The UK government has announced it will underwrite £40bn in infrastructure investment in a bid to boost the economy.
The move is intended to restart stalled projects in Scotland, Wales and England. The cash will help release private sector funding, in the place of hitherto hoped for private sector investment.
The UK Guarantees Scheme will also be supplemented by an additional £10bn to help boost exports throughout the nation.
The announcement from Chancellor George Osborne comes on the back of the UK’s growth forecast being cut. Earlier in the week, the IMF slashed its forecast for the year from 0.8 per cent to 0.2 per cent.
Before investment will be advanced, interested parties will have to meet strict criteria.
For example, the work will have to begin within 12 months, provide good value to the taxpayer and have a demonstrable positive impact on future economic growth. There will also be a charge for the finance.

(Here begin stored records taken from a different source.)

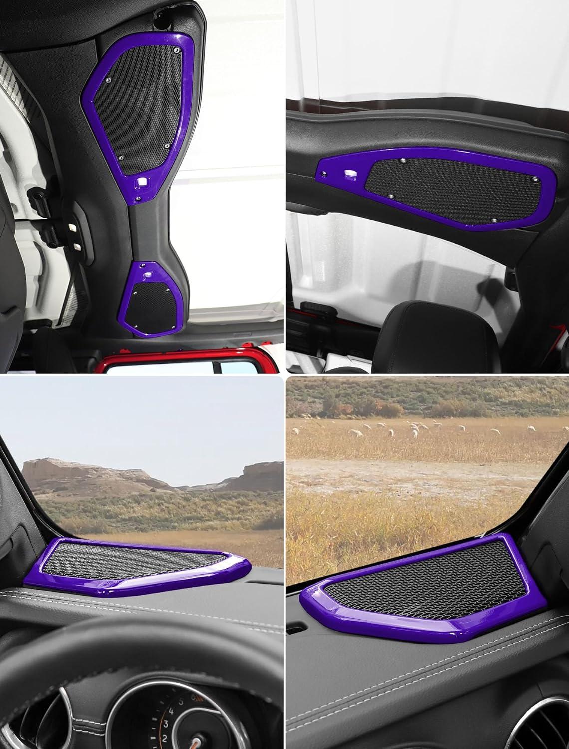 Savadicar Red Interior Trim Kit for 2024+ Jeep Wrangler (JL) & Gladiator (JT) - 4 Pcs Decor Cover Set for Front Dash Speakers and Soundbar, Stylish Accessories for an Upgrade(Purple)
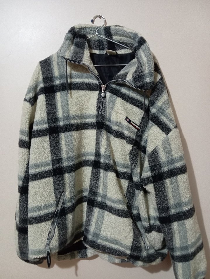 Gri ekose desenli erkek polar sweatshirt, yüksek yakalı ve fermuarlı, bol kesim ve günlük rahat kullanım için uygundur. 3 de 1 fiyatına kaçırmayın
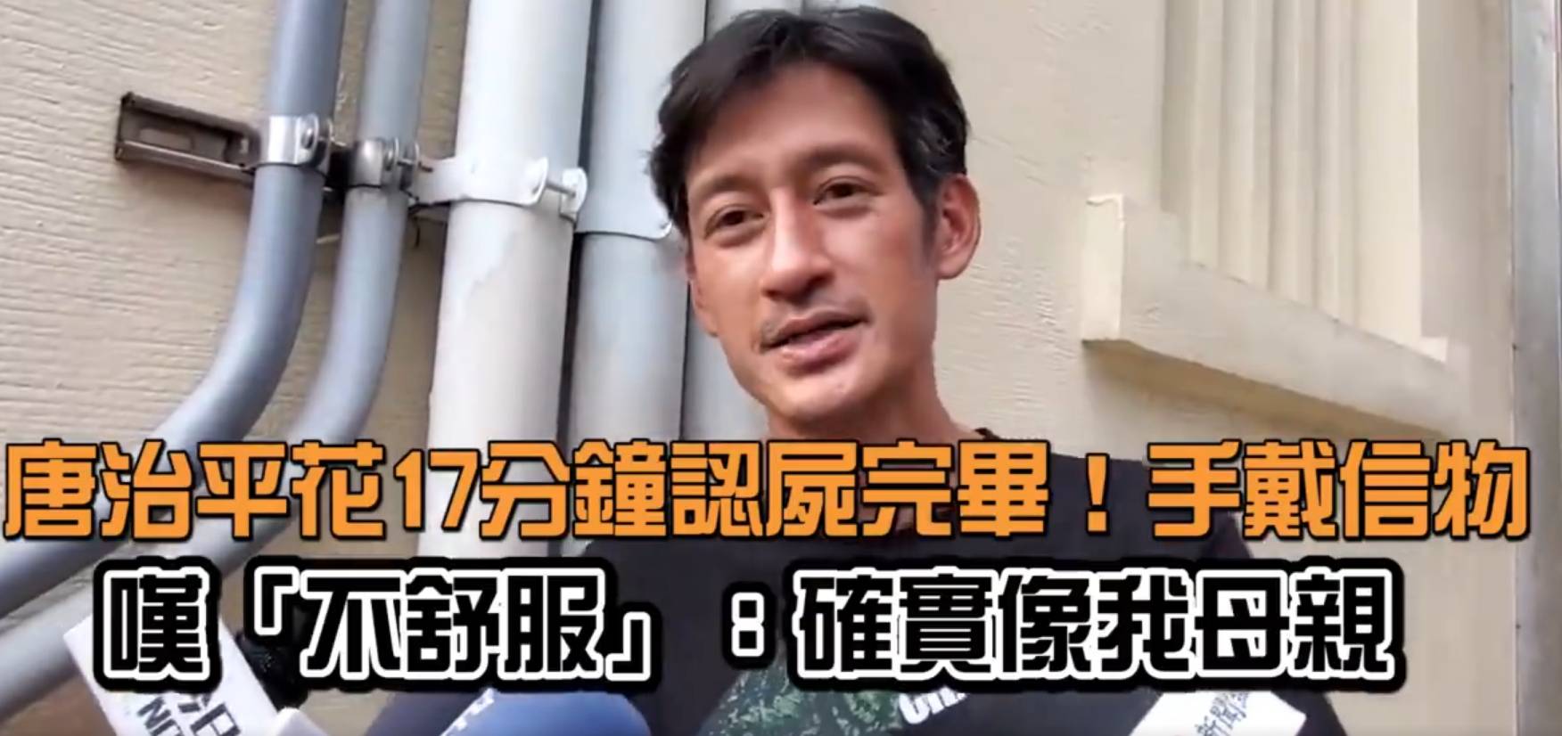 搜狐娱乐讯 7月29日,此前一直拒认母亲遗体的唐治平,今日前往板桥殡仪馆认尸,这次他承认遗体像母亲:“这次看起来像是我母亲,心情当然是难过”,“那具尸体面孔确实蛮像我母亲的,我觉得相当不舒服”,他还提到今天戴着母亲的结婚戒指作为“信物”来殡仪馆认尸。
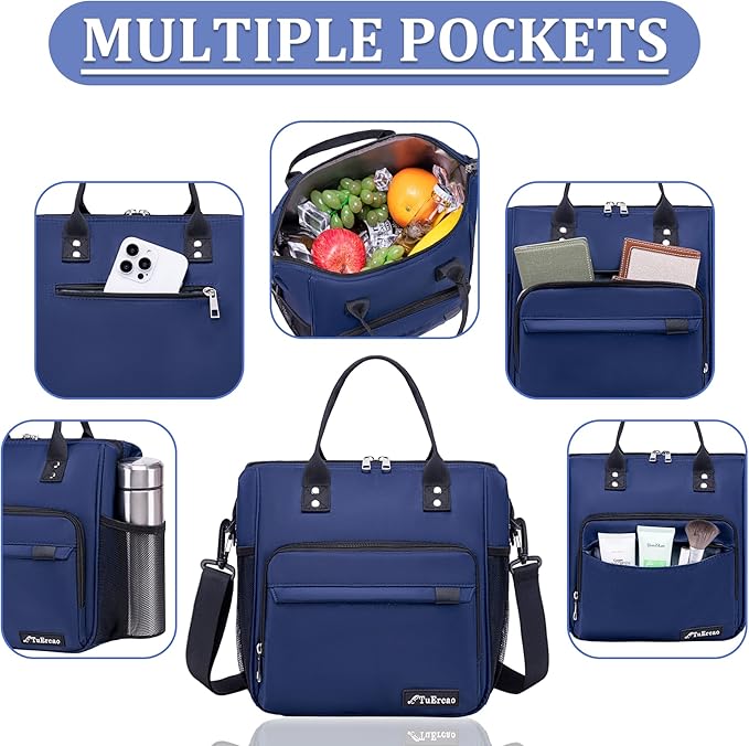 - PORTABLE & CONVENIENCE: TuErcao insulated lunch box features one reinforced handle on top for carrying as a handbag or tote bag. And comes with a detachable & adjustable shoulder strap which can be adjusted from 15" to 27" for carrying as a shoulder bag or crossbody bag
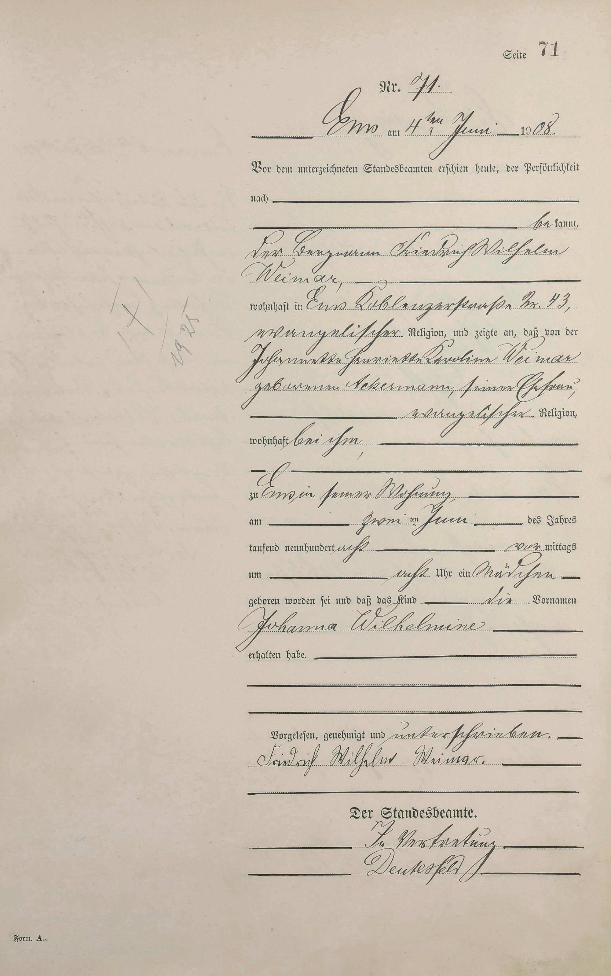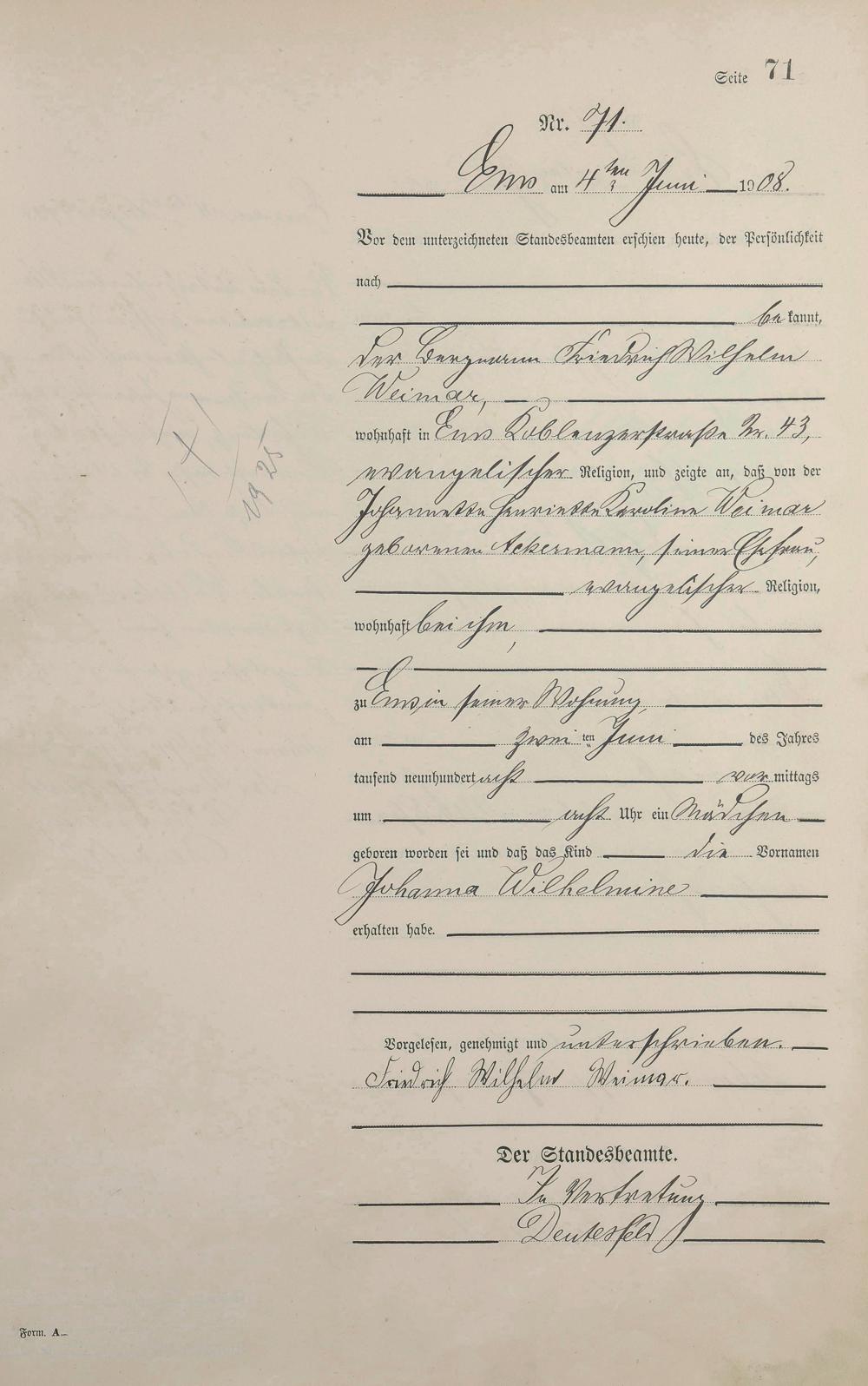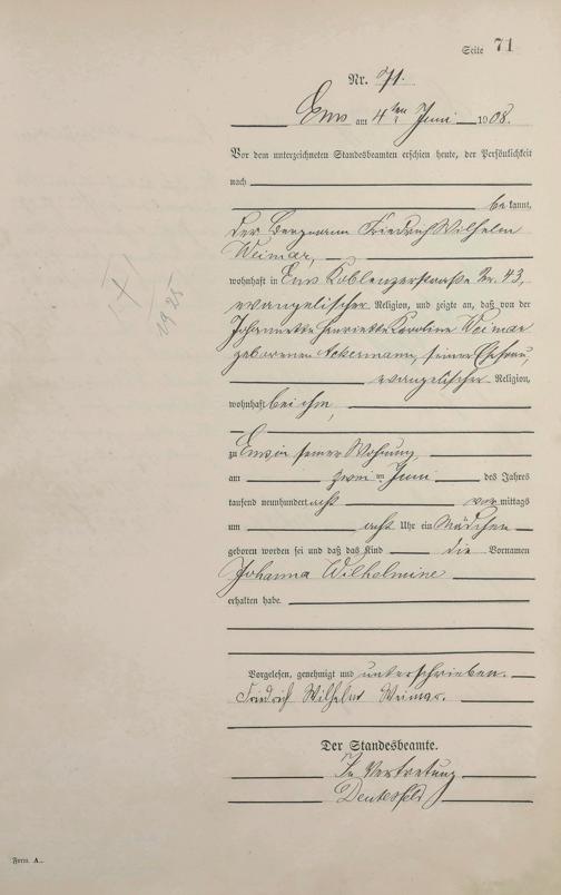 Geburtsregister 1908
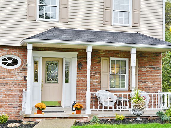 Move right in to this professionally painted move in ready 23 yr. old 4 BR 2.5 bath home situated on lush tree lined cul de sac. Entertain on spacious deck over looking private back yard with covered patio accessed by GR with bar. FR has gas brick fireplace. HW floors through 1st floor and BR's. Master has vaulted ceiling with large walk in closet. There is ample parking in the over sized drive way and 2 car integral garage and 2 car over sized detached garage with large storage room underneath and over head. Close to community park this Light and bright home is immaculately maintained. Detached garage and patio are newer, added in 2011. Quiet cul de sac with private back yard bordering woods.
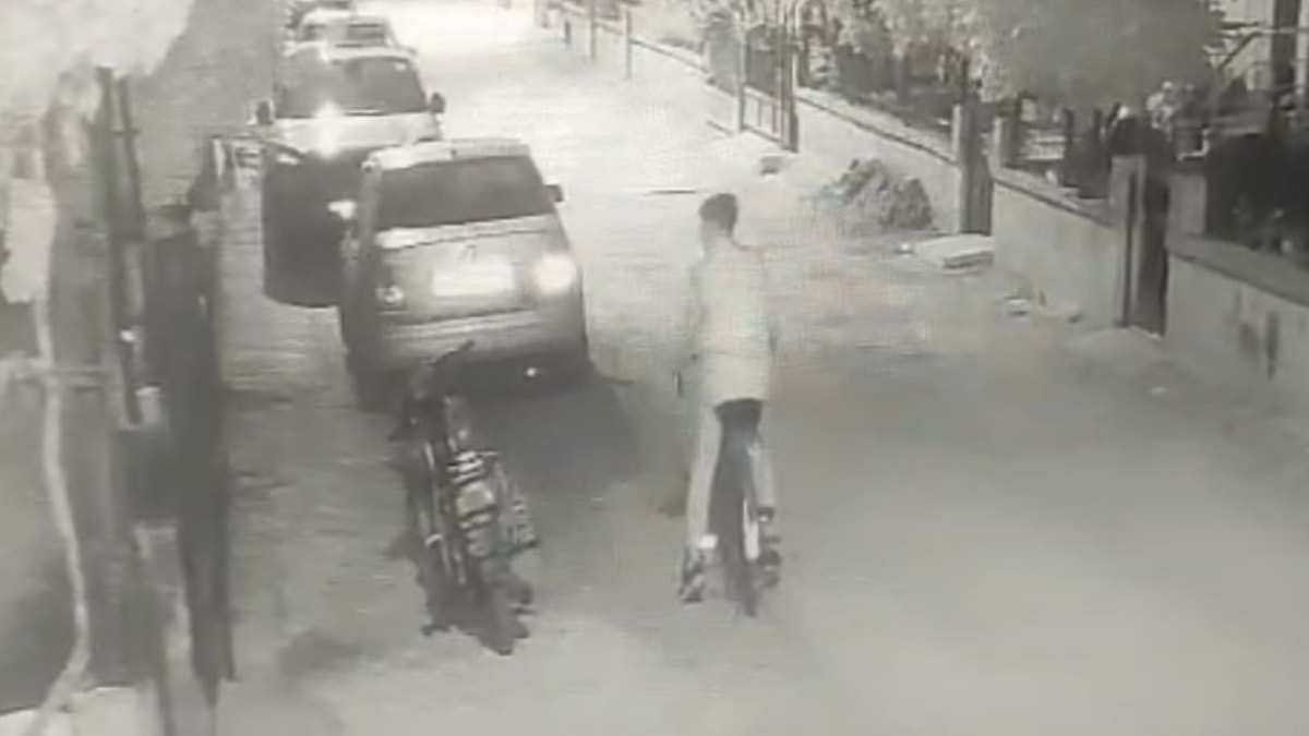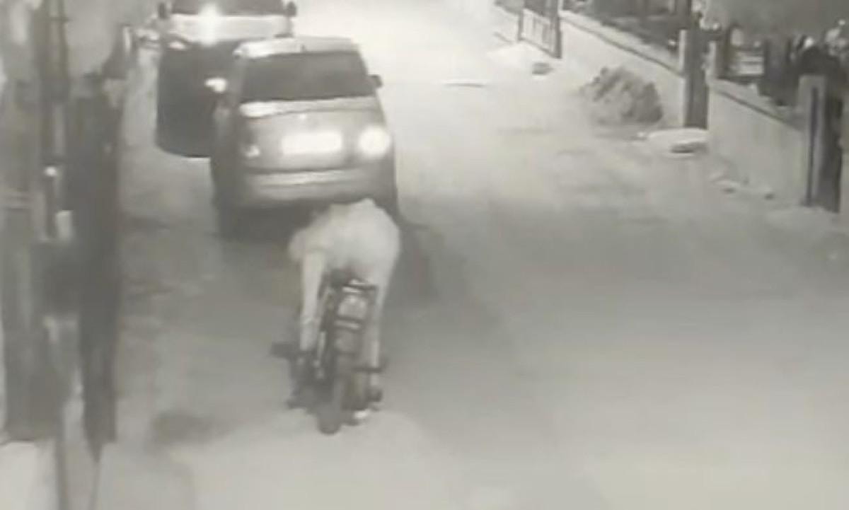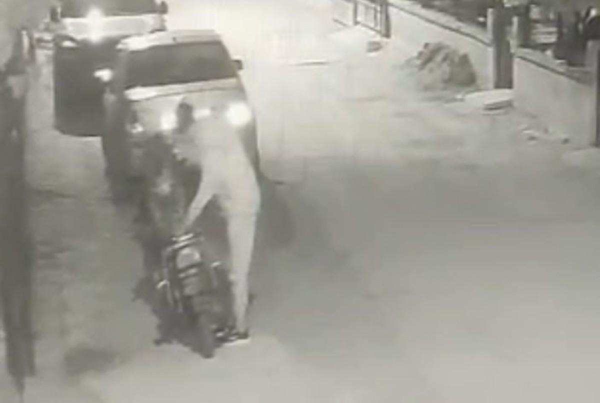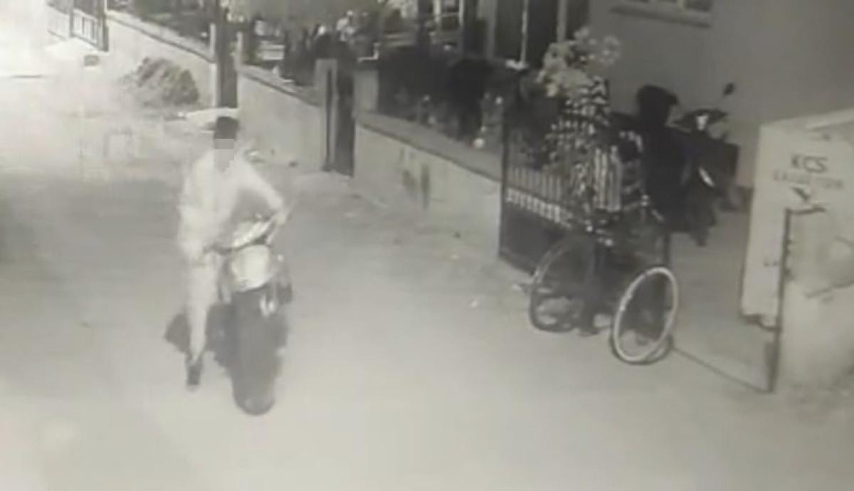Görüntülerde, gece saatlerinde henüz kimliği belirlenemeyen şüpheli şahıs önce bisikleti ile gelip ardından park halinde bulunan motosikleti bakmak için bisikletini yol kenarına koydu.
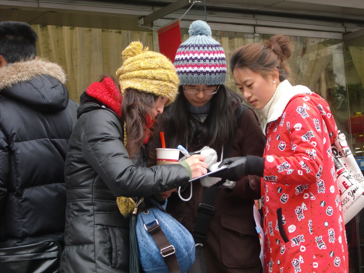 1月21日下午,来自开元集团网站学代会的同学们在福州路上海书城门口开展了以“环保创意大调查”为主题的问卷调查活动。本次活动旨在加深同学们的环保观念,同时宣传化废为宝、利用垃圾的环保生活方式。活动期间同学们还展示了用废旧材料自制的小礼物,包括用薯片盒做的储蓄罐、用冷饮棒做的小木屋等,既美观又极富创意。虽然正值寒冬,但同学们克服了天气、交通等因素,以饱满的热情投身到活动中。
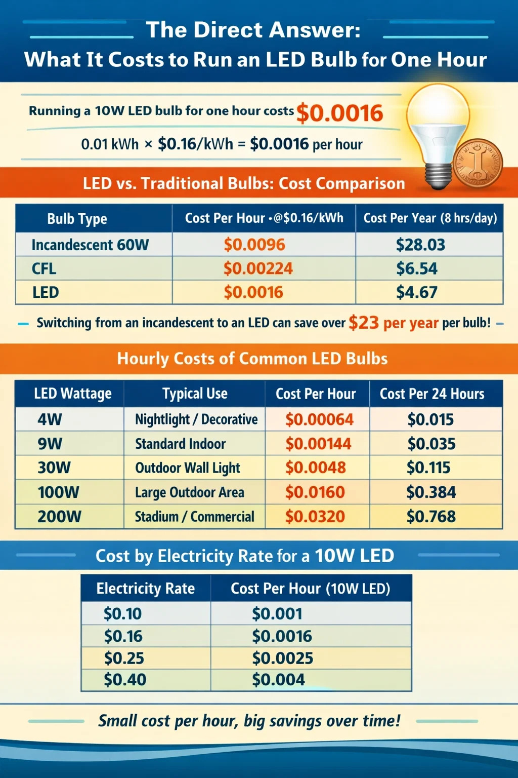Para un LED de 10W a $0,16/kWh: (10 ÷ 1000) × 0,16 = $0.0016 por hora .
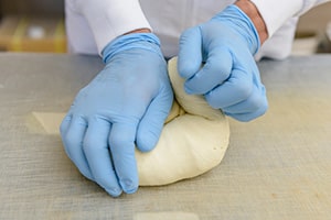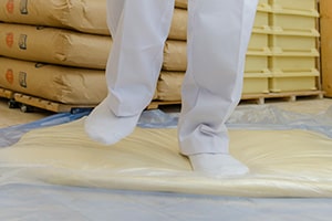 重すぎず軽すぎない適切な⼒加減と28分という正確な⾜踏み時間が、もちもちとした弾⼒を⽣み出しています。⾜踏みしながら⽣地の柔らかさをもチェックします。
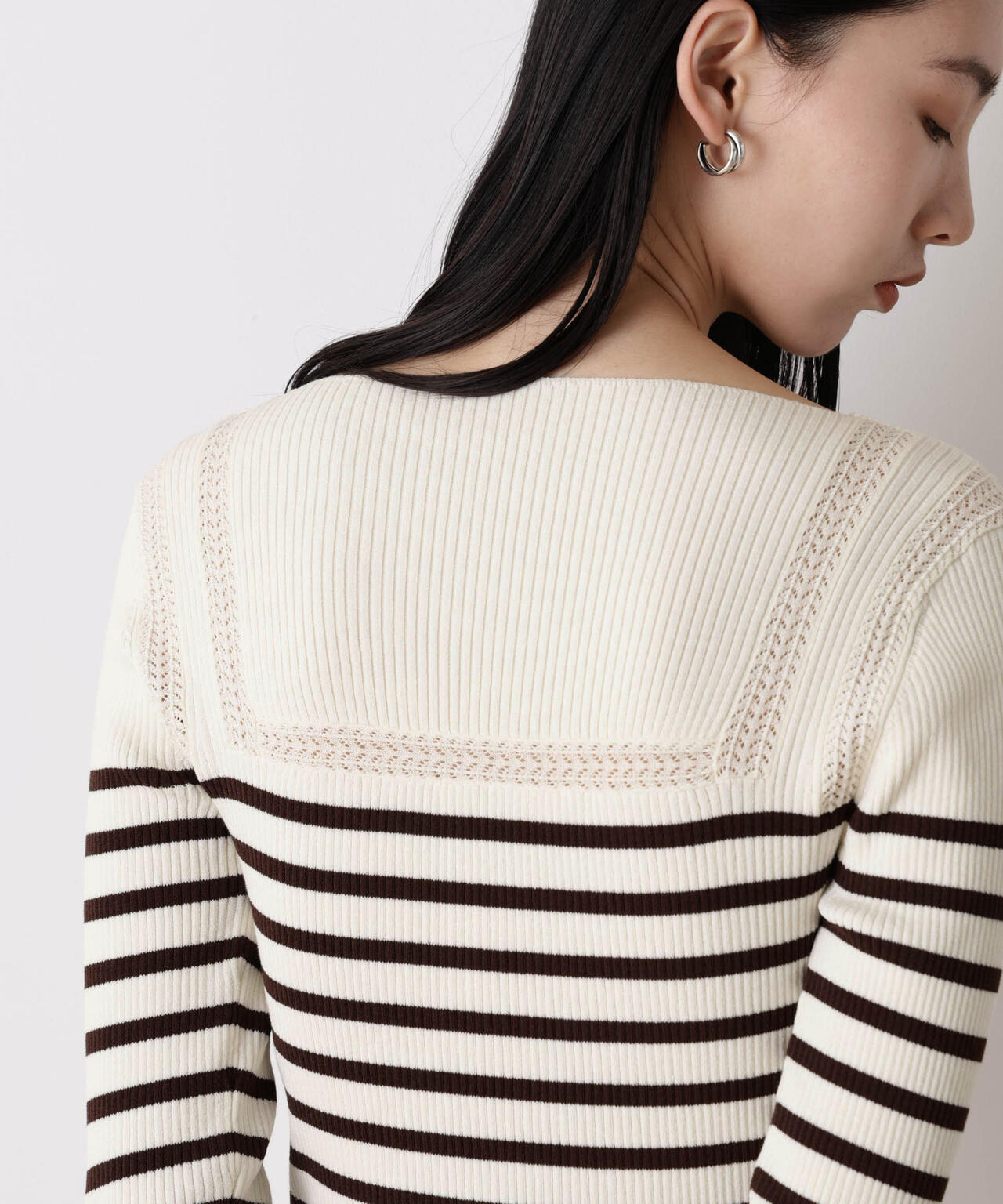 今季も「STEVELOUR」シリーズが登場!シンプルなボーダーピッチにレース編みを施し、フェミニンに仕上げたニット。肩まわりと後ろ姿にはセーラーカラー風のレース編みをあしらい、さりげないアクセントをプラス。ボトムスインはもちろん、ジャケットのインナーとしても活躍する一枚です。
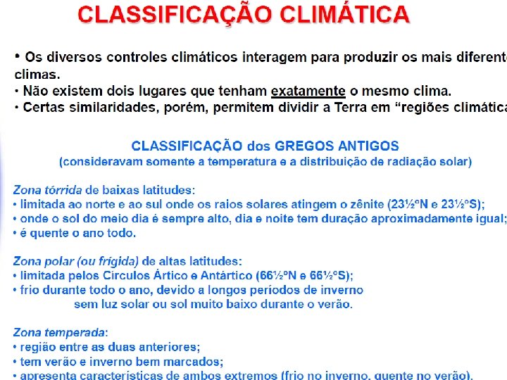 Climas • Fatores ou controles climáticos: determinam o clima de uma região • Elementos climáticos: observações/medidas de temperatura, umidade, vento, precipitação, etc.

Many projects that were halted have already got underway in recent months. Helped by other financial strategies such as invoice factoring, many initiatives in Scotland have been restarted.
The cross sector plans will likely provide a boost in many areas.
However, an Institute for Public Policy Research senior research fellow warned that any benefits may take some time to filter through. Kayte Lawton said:
“[12 months] will be quite a long time to have to wait for people who have already been out of work for 12 months or a year.”
While applauding the move in general, she went on to say that short-term measures would also be welcome in Scotland and throughout the rest of the UK.